_Directions_: Pictures stay out of the copy; output exactly the lines from the one containing "An audio playback" through the end of the material.

_Source material_:
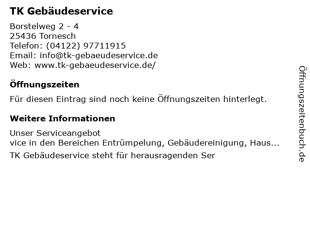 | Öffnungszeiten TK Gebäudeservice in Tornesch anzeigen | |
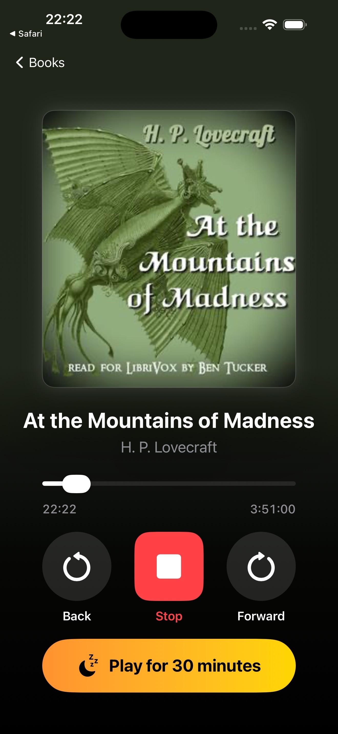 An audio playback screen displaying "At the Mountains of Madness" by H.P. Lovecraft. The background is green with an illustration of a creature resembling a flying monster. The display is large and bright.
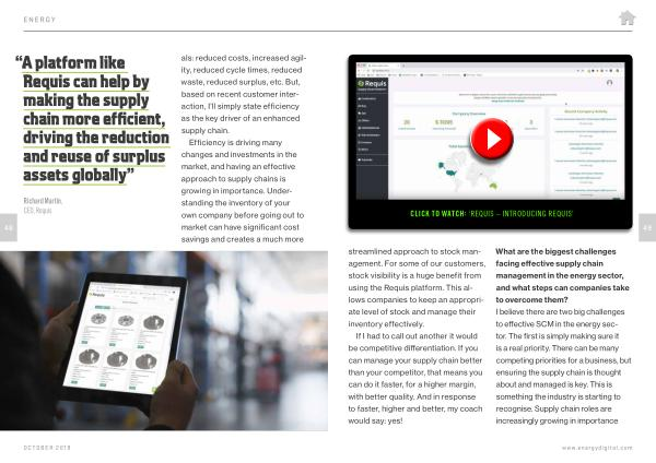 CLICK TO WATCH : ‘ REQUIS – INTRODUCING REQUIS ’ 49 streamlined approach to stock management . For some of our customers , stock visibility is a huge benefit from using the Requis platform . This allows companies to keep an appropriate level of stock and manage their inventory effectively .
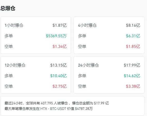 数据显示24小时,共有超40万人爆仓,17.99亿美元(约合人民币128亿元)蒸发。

_Solution below_:
 An audio playback screen displaying "At the Mountains of Madness" by H.P. Lovecraft. The background is green with an illustration of a creature resembling a flying monster. The display is large and bright.
 CLICK TO WATCH : ‘ REQUIS – INTRODUCING REQUIS ’ 49 streamlined approach to stock management . For some of our customers , stock visibility is a huge benefit from using the Requis platform . This allows companies to keep an appropriate level of stock and manage their inventory effectively .
 数据显示24小时,共有超40万人爆仓,17.99亿美元(约合人民币128亿元)蒸发。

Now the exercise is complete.